Diving deeper into the Python data model

Before getting our hands dirty with the real-world use case, let's go through a few more details about decorators and functions in the Python data model. As we already know, in Python, functions are just objects of a specific type called function. Like other Python objects, they also store their data in attributes. Let's create a function and take a look:

def sum_of_two(a, b):
    return a + b

If we put parentheses after the function name, we make a function call, executing the code inside the function body:

>>> sum_of_two(1, 2)
3

This is the most common way function objects are used, and for many programmers and projects, it is the only way they are ever interacted with. However, it's also possible to access other attributes of the object using attribute references. For example, the name of the function is stored in the __name__ attribute and can be accessed by placing a period and the attribute name after the function name:

>>> sum_of_two
<function sum_of_two at 0x7f523cb17280>
>>> sum_of_two.__name__
'sum_of_two'

When a function definition statement (identified by the def keyword) is executed, the Python interpreter creates a function object and automatically assigns values to a bunch of attributes. Even the actual compiled code of the function body is stored in an attribute called __code__. In addition to the data required to execute the function, some metadata, such as the name and the docstring of the function, is created and stored into the object. All of these attributes are readable, and most of them can even be changed during the execution of the program.

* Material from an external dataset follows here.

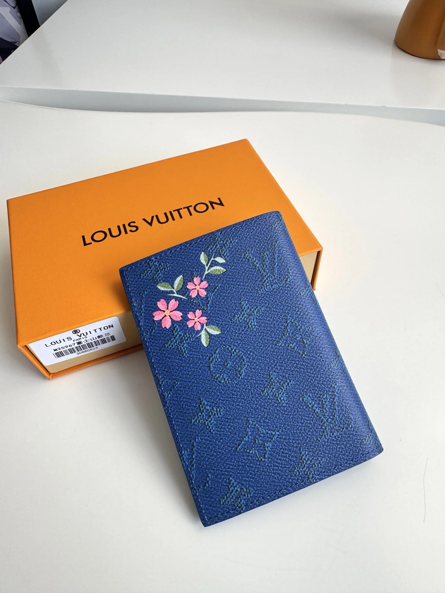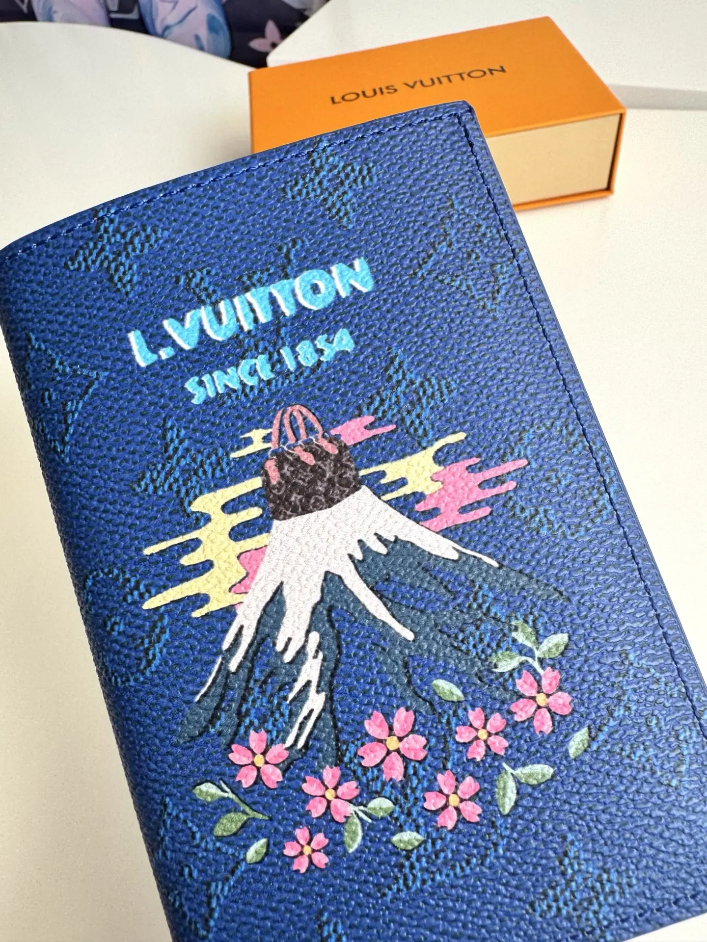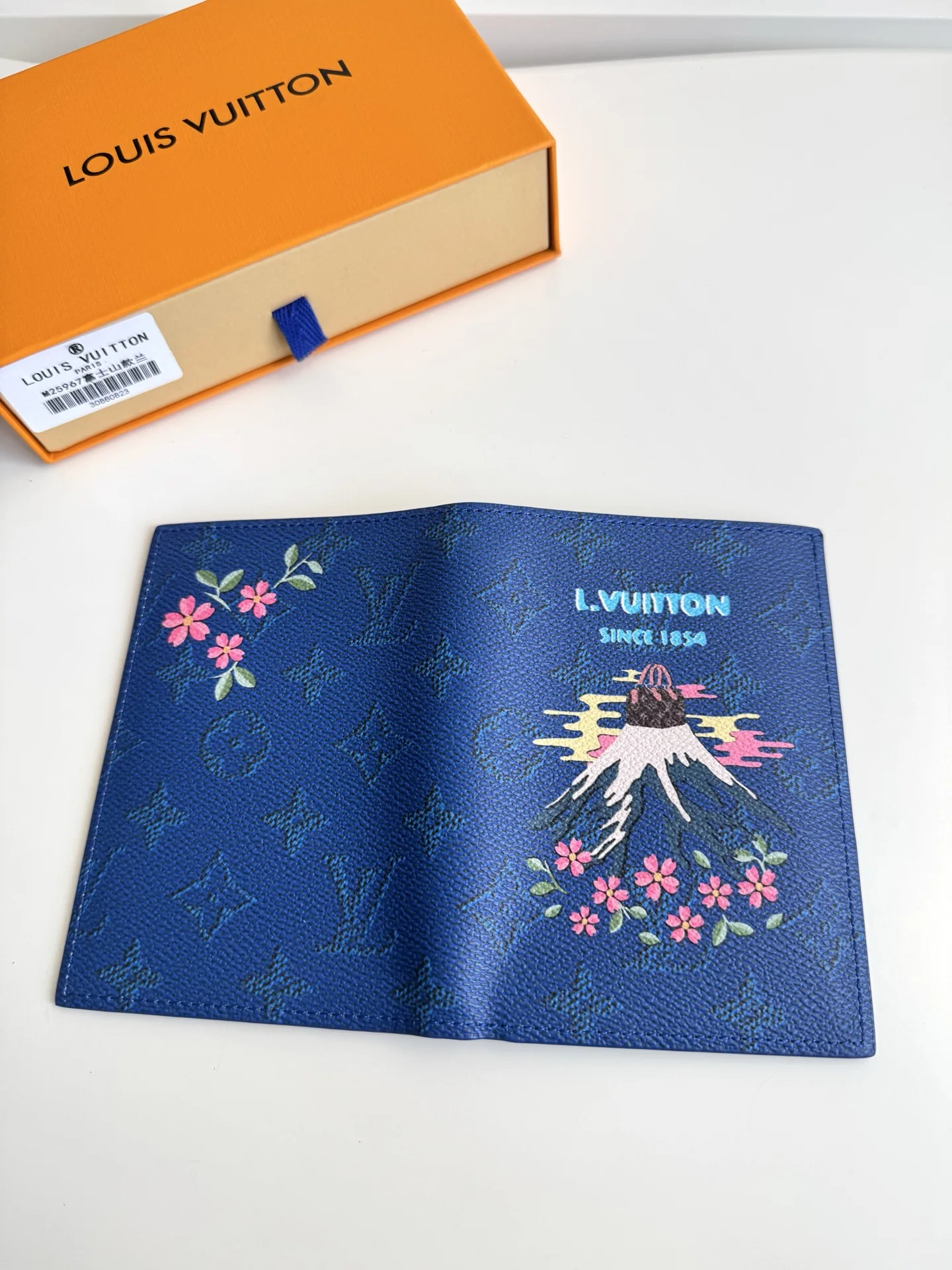 Overseas original M25967 Fuji blue exclusive real shot! This passport cover features a vibrant Japanese print on Monogram canvas. It has multiple card slots and ticket pockets inside. Size: 14×10×2.5cm

But why is this important, and what does it have to do with decorators? Most of the time, a decorator actually creates a completely new function that just wraps around the original. When the new function is created, it will also get new attributes created from scratch, regardless of the values of the original function's attributes.

Let's demonstrate:

def hello_decorator(original_func):
    def decorated_func(*args, **kwargs):
        """This is the decorated function"""
        print("Hello from decorator")
        return original_func(*args, **kwargs)
    return decorated_func

@hello_decorator
def sum_of_two(a, b):
    """This function returns the sum of a and b"""
    return a + b

Now if we check the name and the docstring of the decorated function, we can see that they match the decorator's inner function instead of the decorated function:

>>> sum_of_two.__name__
'decorated_func'
>>> sum_of_two.__doc__
'This is the decorated function'

Clearly, this is not the desired outcome. The decorator should extend the functionality of our function, not replace its metadata. This problem can be easily solved: just copy the attributes of the original function to the decorated one, like this:

def hello_decorator(original_func):
    def decorated_func(*args, **kwargs):
        print("Hello from decorator")
        return original_func(*args, **kwargs)

    decorated_func.__name__ = original_func.__name__
    decorated_func.__doc__ = original_func.__doc__

    return decorated_func

Of course, this solution needs to be applied to every decorator you write. Instead of going through the process of copy-pasting the same lines of code all around the codebase, a more generic solution would be better. Luckily, this is a problem so common that a solution is already included in the standard library! We can use @functools.wraps to copy the metadata from the original function to the decorated one:

import functools

def hello_decorator(original_func):
    @functools.wraps(original_func)
    def decorated_func(*args, **kwargs):
        print("Hello from decorator")
        return original_func(*args, **kwargs)
    return decorated_func

@hello_decorator
def sum_of_two(a, b):
    """This function returns the sum of a and b"""
    return a + b

Now the attributes of the sum_of_two function stay unchanged when the decorator is applied:

>>> sum_of_two.__name__
'sum_of_two'
>>> sum_of_two.__doc__
'This function returns the sum of a and b'

So which attributes does the @functools.wraps decorator copy? Inspecting its source code reveals that the following properties are copied from the original function:

__doc__: the function's docstring
__name__: the function's name
__qualname__: the function's qualified name
__module__: the name of the module the function was defined
__dict__: dictionary storing the object's arbitrary attributes
__annotations__: dictionary containing (type) annotations of parameters

Copying these attributes is enough to make the decorated function look just like the original in almost every use case. The original version of the function is also stored in an attribute named __wrapped__ of the decorated function. This can be extremely useful when writing tests for the function.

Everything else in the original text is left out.